It should be appreciated that although modules 50, 52, 54, 56, and 58 are illustrated in FIG. 1 as being co-located within a single processing unit, in implementations in which processor 20 comprises multiple processing units, one or more of modules 50, 52, 54, 56, and/or 58 may be located remotely from the other modules. The description of the functionality provided by the different modules 50, 52, 54, 56, and/or 58 described below is for illustrative purposes, and is not intended to be limiting, as any of modules 50, 52, 54, 56, and/or 58 may provide more or less functionality than is described. For example, one or more of modules 50, 52, 54, 56, and/or 58 may be eliminated, and some or all of its functionality may be provided by other modules 50, 52, 54, 56, and/or 58. As another example, processor 20 may be configured to execute one or more additional modules that may perform some or all of the functionality attributed below to one of modules 50, 52, 54, 56, and/or 58.

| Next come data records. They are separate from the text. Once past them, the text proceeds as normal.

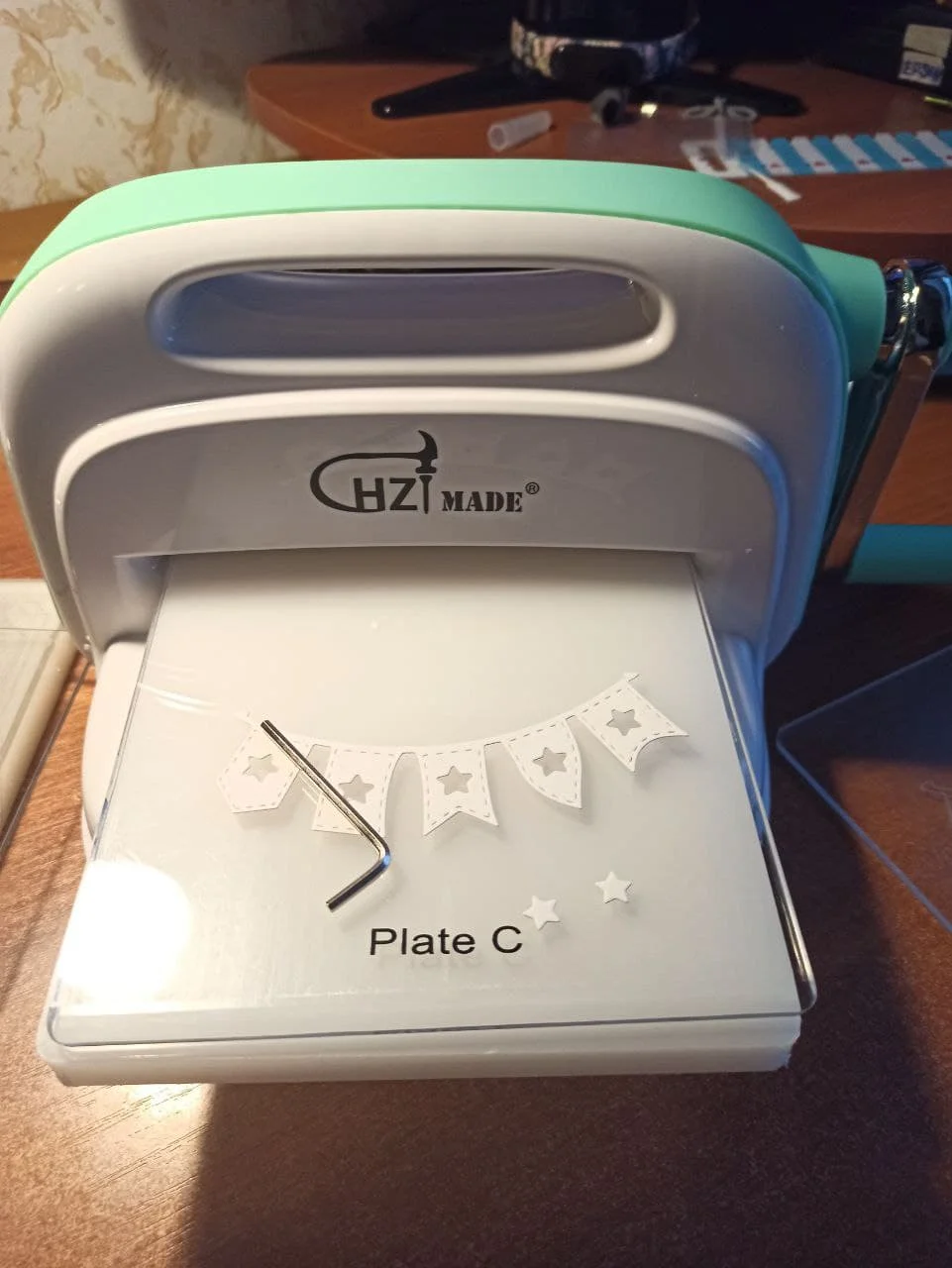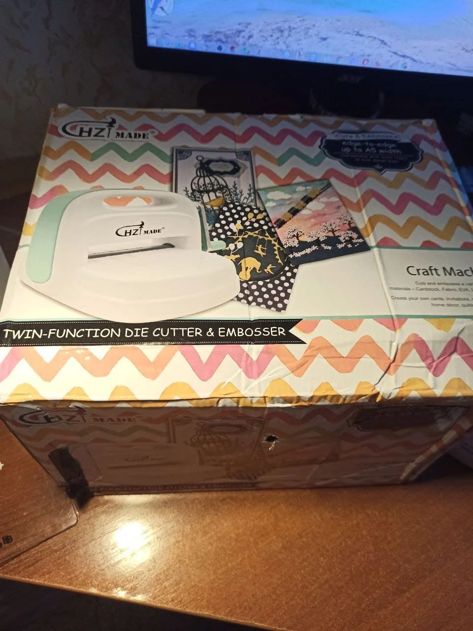 Супер быстрая доставка!! Рекорд - два дня!! Принёс курьер, коробка чуть чуть сбоку помята. Сама машинка внутри в пенопласте, все очень аккуратно. Проверила как работает на фото и на картоне - вырубает хорошо. На пластинах ножи оставляют следы (это нормально?), вырубка ровная.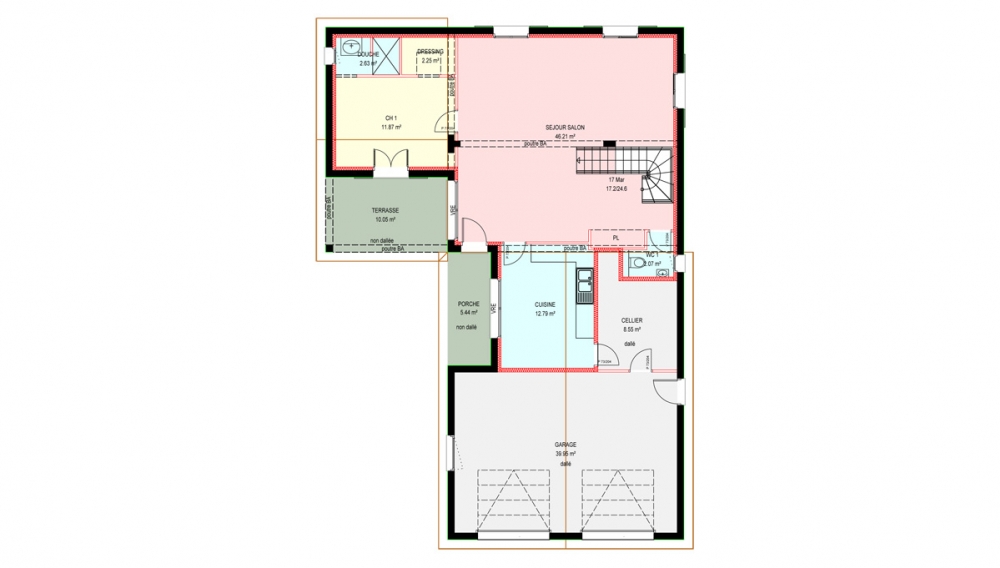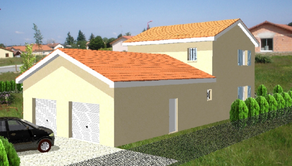 Maison avec étage comportant 4 chambres, 2 salles de bain, 2 WC, une cuisine indépendante, un grand séjour, un cellier, un porche, une terrasse et un grand garage.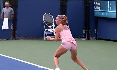 Nude playing tennis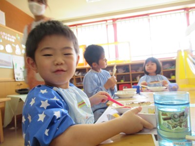 「苦手なお野菜もあるけど、今日のスープは特別!頑張って食べるよ!」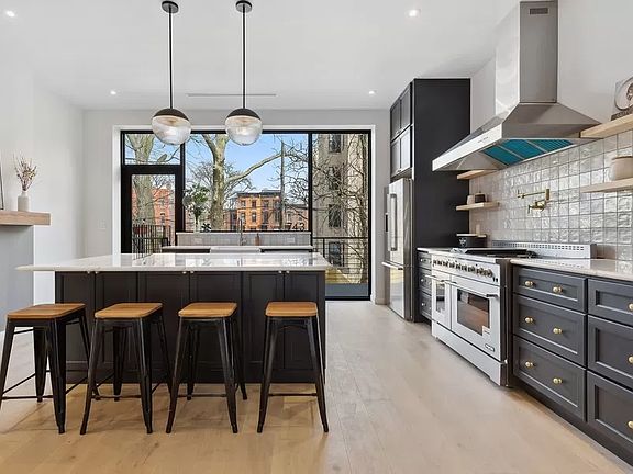 Located on a beautiful tree-lined block within Stuyvesant Heights, this three-family brownstone is a charmer that mixes modern sensibility with income-producing units. Newly renovated, the four-story townhouse at 743 Putnam Avenue is configured as two rental units over an owner's duplex, which has full private access to both the finished cellar and backyard. The owner's parlor floor opens into a stunningly spacious open-plan living/dining room that extends into the chef's kitchen. The open layout allows plenty of natural light to beam through from both front south-facing windows and rear floor-to-ceiling windows. The 9'8" ceilings, 48" professional stove with double oven, high-end appliances, and the north-facing deck and garden are additional highlights. The garden floor has three bedrooms and two bathrooms. The master faces the quiet backyard, with an en-suite bath, and features a double sink and walk-in shower. The garden level seamlessly connects to the fully finished cellar which can be a great open space for a TV room and home gym. The owner's unit has a central heating/cooling system. The third and fourth floors are two fully renovated rental units. Both units have two spacious bedrooms, stainless steel kitchen appliances, a modern bathroom, an in-unit washer/dryer, split heating and cooling, and ample space for entertaining. Both units are flooded with sunlight, especially the top floor unit with multiple skylights. Separate utilities. The house is just minutes walk from the express A/C Train at the Utica stop and local favorites such as Saraghina, Chez Oscar, Tradroom.. etc.

Gas parameter module 50 is configured to determine one or more gas parameters of the pressurized flow of breathable gas. Gas parameter module 50 is configured to determine the one or more gas parameters based on the output signals of sensors 18. The one or more gas parameters of the pressurized flow of breathable gas may comprise, for example, one or more of a flow rate, a volume, a pressure, humidity, temperature, acceleration, velocity, and/or other gas parameters. The information determined by gas parameter module 50 may be used for controlling pressure generator 14, determining breathing parameters of subject 12, and/or other uses.

Breathing parameter module 52 is configured to determine one or more breathing parameters of subject 12. The one or more breathing parameters are determined based on the output signals of sensors 18, information determined by gas parameter module 50, and/or based on other information. The breathing parameters may indicate a respiratory effort of subject 12. This includes one or more of a thoracic respiratory effort, an abdominal respiratory effort, and/or other parameters indicating respiratory effort. The one or more breathing parameters may include, for example, a tidal volume, a composition, a timing (e.g., beginning and/or end of inhalation, beginning and/or end of exhalation, etc.), a duration (e.g., of inhalation, of exhalation, of a single breathing cycle, etc.), a breath rate, a respiration frequency, and/or other parameters.

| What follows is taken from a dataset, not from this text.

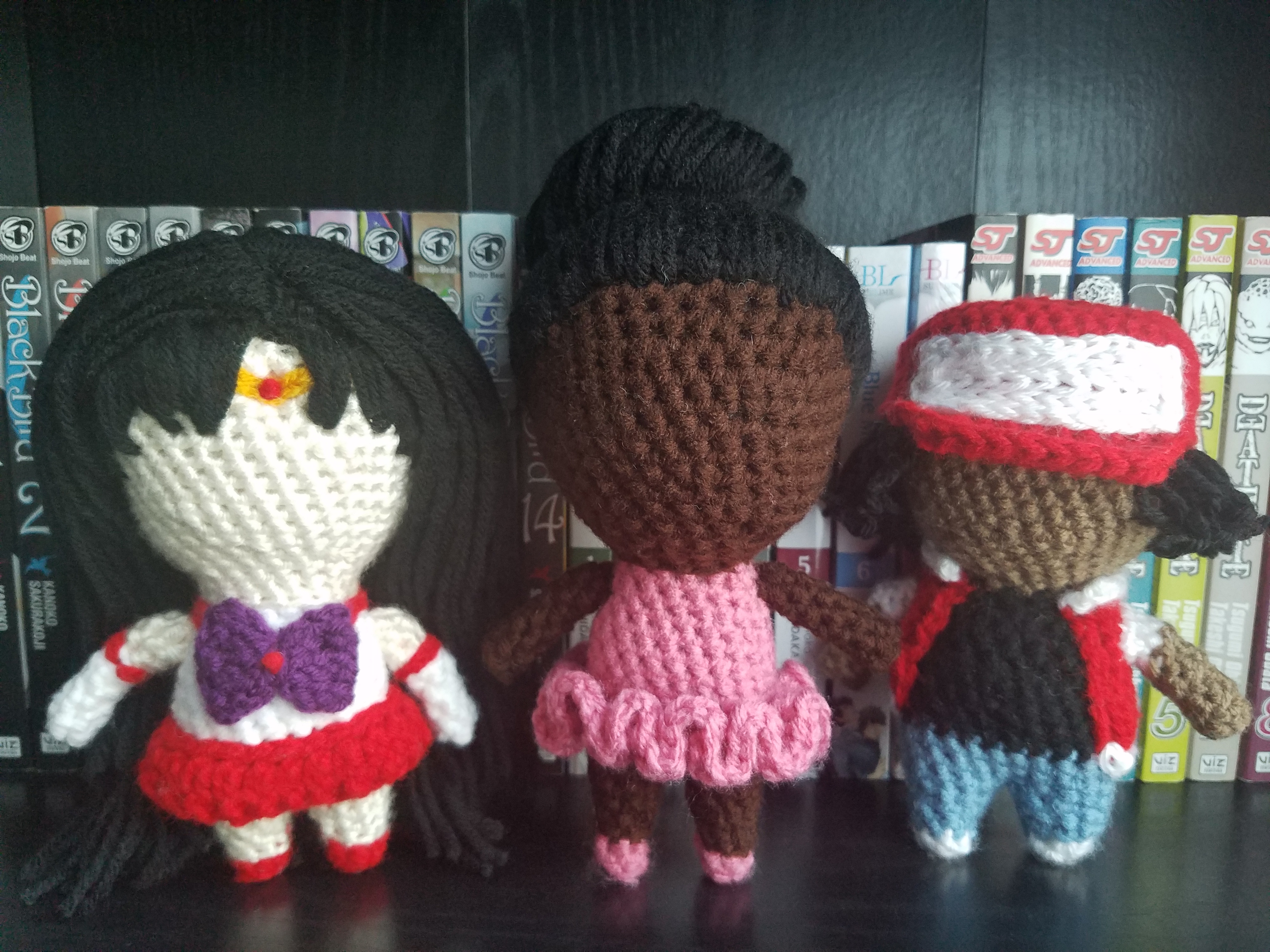 Since crocheting takes up a large part of my free time, I haven’t been as active on WordPress as I once was (I’m working on finding a balance, I promise), so I wanted to integrate my crocheting into this blog and the best way I could think of to do that was with a brand new post series…. yeah, I know, there are plenty of those here as it is… but, for my sanity (and the good of the universe), this series won’t follow a strict schedule. So, some weeks there will be one or two Crocheting While Otaku posts and other weeks, there won’t be any, it’ll depend on my moods… Also, this won’t be anything fancy, just a bit of insight into my crocheting process and some of the projects I’m currently working on. From time to time, I’ll go back and spotlight one of the dolls from my store, and give you guys a bit of background on the character and/or why I chose to make it, etc.

In some embodiments, breathing parameter module 52 is configured to determine one or more baseline levels of the one or more breathing parameters. The one or more baseline levels of the one or more breathing parameters may be related to normal respiration of subject 12. In some embodiments, breathing parameter module 52 determines the one or more baseline levels of the one or more breathing parameters based on previous respiration by subject 12. By way of a non-limiting example, breathing parameter module 52 may determine at least one baseline level of at least one breathing parameter for each inhalation in a series of consecutive inhalations. The at least one determined breathing parameter may include, for instance, a tidal volume, and/or other breathing parameters. Breathing parameter module 52 may determine a baseline tidal volume level for each inhalation. By way of another non-limiting example, breathing parameter module 52 may determine at least one breathing parameter for a series of consecutive inhalations in addition to the breathing parameter determined for each individual inhalation. For example, breathing parameter module 52 may determine an average tidal volume for a series of consecutive inhalations. Breathing parameter module 52 may determine an average baseline tidal volume level for the series of consecutive inhalations.

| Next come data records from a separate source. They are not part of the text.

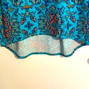 LuLaRoe aqua and orange print Irma tunic size XXS. Pretty print long tunic is new without tags. Longer in back than in front. About 24 inches from under one arm to the other. About 28 inches from shoulder seam to hem in front and 32 inches long in back. Sleeve width at end of sleeve measures 4 5/8 inches across laid flat. NWOT. Bundle with more items from my closet to save.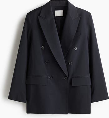 Oversized blazer in twill with peak lapels and a double-breasted front. Welt chest pocket, jetted front pockets with a flap, shoulder pads and long sleeves with decorative buttons at the cuffs. Single back vent. Lined.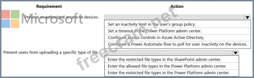 Question 1: A company plans to create two Microsoft Power Platform appli...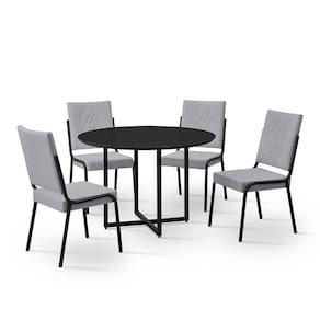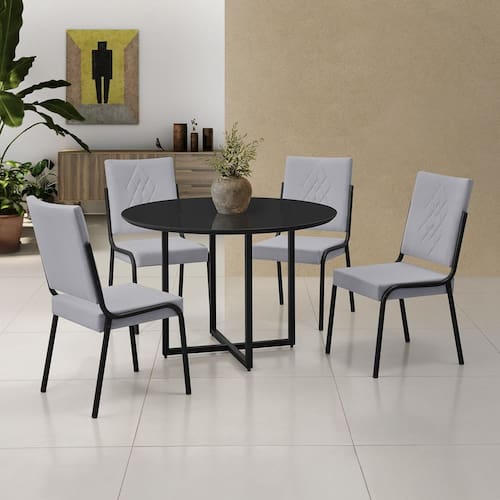 Conjunto Sala de Jantar Mesa em Mdf com Vidro 4 Cadeiras Moscou Preto/Cinza

Respiratory event detection module 54 is configured to detect respiratory sleep events. These events include events that result in irregular breathing during sleep or near sleep states. Such events may include, for example, airway obstruction and/or other events. Respiratory sleep events including airway obstruction may be detected based on the output signals of sensors 18, information determined by gas parameter module 50, information determined by breathing parameter module 52, and/or based on other information. In some embodiments, respiratory sleep events detected by respiratory event detection module 54 may be related to obstructive sleep apnea.

Respiratory event detection module 54 is configured to detect respiratory sleep events (e.g., airway obstruction) during normal breathing of subject 12. In some embodiments, the information indicating respiratory sleep events comprises one or more gas parameters (e.g. pressure, flow rate, and/or other gas parameters), one or more breathing parameters (e.g., a tidal volume, a composition, a timing, a duration, a breath rate, peak flow, airway pressure, and/or other breathing parameters), and/or other information. Detection of respiratory sleep events may comprise, for example, output signals and/or parameters that indicate respiratory effort (e.g., thoracic respiratory effort and/or abdominal respiratory effort) without a corresponding inflow of breathable gas, a reduction in tidal volume, and/or changes in other output signals and/or parameters. In some embodiments, respiratory sleep events may be determined based on a comparison of parameters from a current inhalation to parameters determined during previous respiration by subject 12. In some embodiments, respiratory event detection module 54 may be configured to detect respiratory sleep events such as airway obstruction based on forced oscillation technique. This is not intended to be limiting, as any number of techniques for detecting respiratory sleep events could be implemented without departing from the scope of this disclosure.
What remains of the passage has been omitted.